Assigned task:
Search the listing for "with" and copy every line where it appears.

───── Data for processing

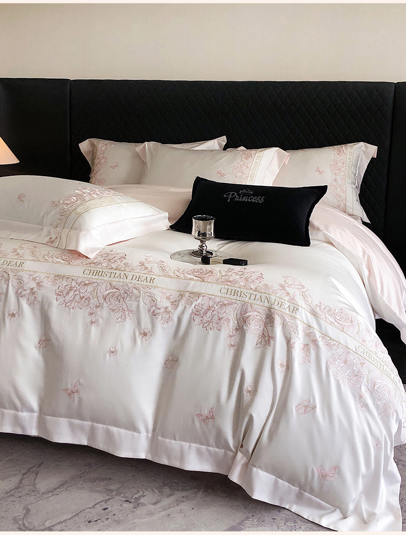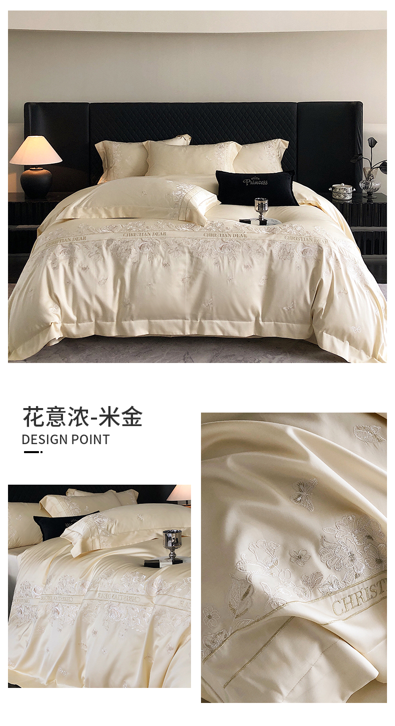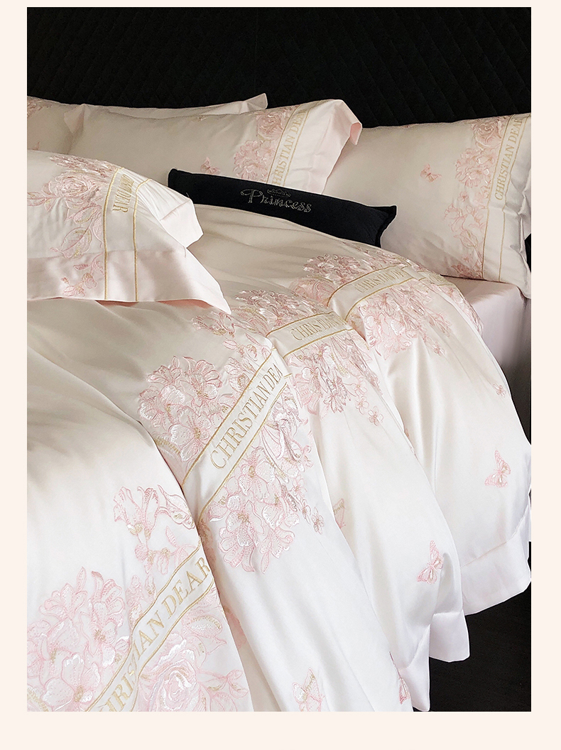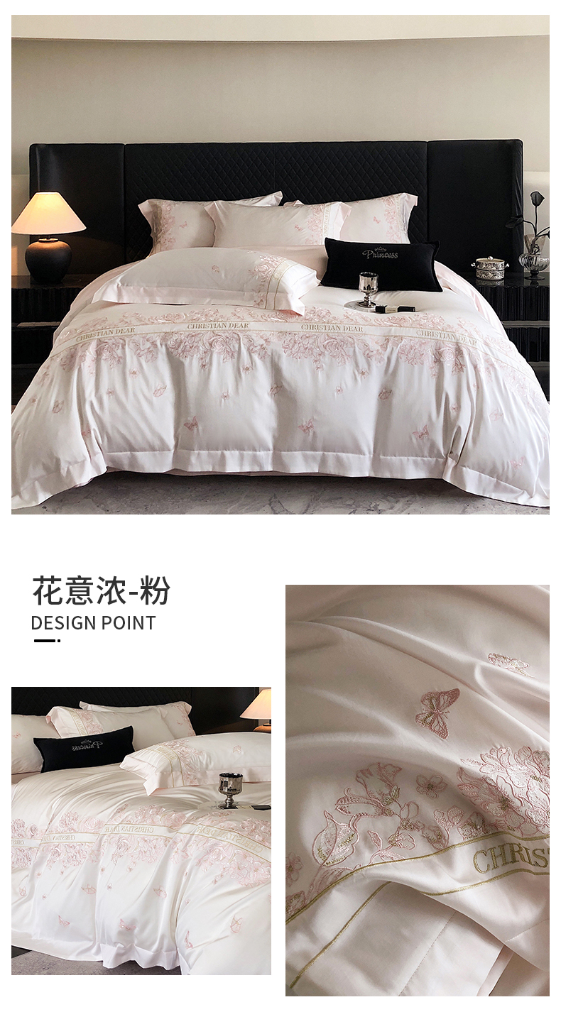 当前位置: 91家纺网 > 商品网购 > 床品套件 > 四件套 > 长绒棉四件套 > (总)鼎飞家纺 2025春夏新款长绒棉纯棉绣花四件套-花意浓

──────────
───── Data for processing

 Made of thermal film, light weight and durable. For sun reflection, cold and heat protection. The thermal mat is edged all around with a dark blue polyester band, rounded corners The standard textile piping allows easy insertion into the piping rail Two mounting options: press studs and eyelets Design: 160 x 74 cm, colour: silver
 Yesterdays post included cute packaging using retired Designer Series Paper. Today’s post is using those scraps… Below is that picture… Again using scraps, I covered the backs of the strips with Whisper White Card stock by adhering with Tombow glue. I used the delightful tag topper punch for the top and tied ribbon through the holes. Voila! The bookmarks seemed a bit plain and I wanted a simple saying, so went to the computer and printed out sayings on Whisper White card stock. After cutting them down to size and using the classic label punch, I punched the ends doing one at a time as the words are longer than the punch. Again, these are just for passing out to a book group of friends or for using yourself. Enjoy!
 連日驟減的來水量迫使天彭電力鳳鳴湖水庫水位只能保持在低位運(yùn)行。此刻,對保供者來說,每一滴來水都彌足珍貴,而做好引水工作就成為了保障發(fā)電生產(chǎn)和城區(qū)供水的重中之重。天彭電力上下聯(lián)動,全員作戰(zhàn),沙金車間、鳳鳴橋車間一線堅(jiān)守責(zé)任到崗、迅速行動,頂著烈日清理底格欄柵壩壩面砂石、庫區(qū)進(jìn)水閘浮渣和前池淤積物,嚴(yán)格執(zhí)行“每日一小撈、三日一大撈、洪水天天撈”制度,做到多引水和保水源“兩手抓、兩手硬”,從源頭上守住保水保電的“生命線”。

──────────
───── Data for processing

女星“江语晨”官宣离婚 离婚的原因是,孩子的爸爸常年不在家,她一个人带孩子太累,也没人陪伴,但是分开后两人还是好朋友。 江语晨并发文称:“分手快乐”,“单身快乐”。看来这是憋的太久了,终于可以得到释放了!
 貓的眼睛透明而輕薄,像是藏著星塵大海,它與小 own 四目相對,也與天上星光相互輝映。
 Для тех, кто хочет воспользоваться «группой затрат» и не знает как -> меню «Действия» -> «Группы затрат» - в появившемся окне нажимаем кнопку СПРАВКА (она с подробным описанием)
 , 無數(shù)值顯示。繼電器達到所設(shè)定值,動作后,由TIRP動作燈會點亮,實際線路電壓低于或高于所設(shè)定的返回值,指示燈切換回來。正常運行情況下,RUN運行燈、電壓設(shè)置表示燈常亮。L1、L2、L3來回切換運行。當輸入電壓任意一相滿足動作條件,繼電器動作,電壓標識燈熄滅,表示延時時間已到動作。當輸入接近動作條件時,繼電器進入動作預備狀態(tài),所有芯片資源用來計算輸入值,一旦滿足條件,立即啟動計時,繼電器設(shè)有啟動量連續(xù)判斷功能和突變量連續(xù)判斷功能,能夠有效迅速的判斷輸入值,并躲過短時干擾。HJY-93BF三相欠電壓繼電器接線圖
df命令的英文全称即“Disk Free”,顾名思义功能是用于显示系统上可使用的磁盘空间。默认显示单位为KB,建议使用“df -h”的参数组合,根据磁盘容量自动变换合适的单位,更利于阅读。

──────────

Output for this task:
 Made of thermal film, light weight and durable. For sun reflection, cold and heat protection. The thermal mat is edged all around with a dark blue polyester band, rounded corners The standard textile piping allows easy insertion into the piping rail Two mounting options: press studs and eyelets Design: 160 x 74 cm, colour: silver
 Yesterdays post included cute packaging using retired Designer Series Paper. Today’s post is using those scraps… Below is that picture… Again using scraps, I covered the backs of the strips with Whisper White Card stock by adhering with Tombow glue. I used the delightful tag topper punch for the top and tied ribbon through the holes. Voila! The bookmarks seemed a bit plain and I wanted a simple saying, so went to the computer and printed out sayings on Whisper White card stock. After cutting them down to size and using the classic label punch, I punched the ends doing one at a time as the words are longer than the punch. Again, these are just for passing out to a book group of friends or for using yourself. Enjoy!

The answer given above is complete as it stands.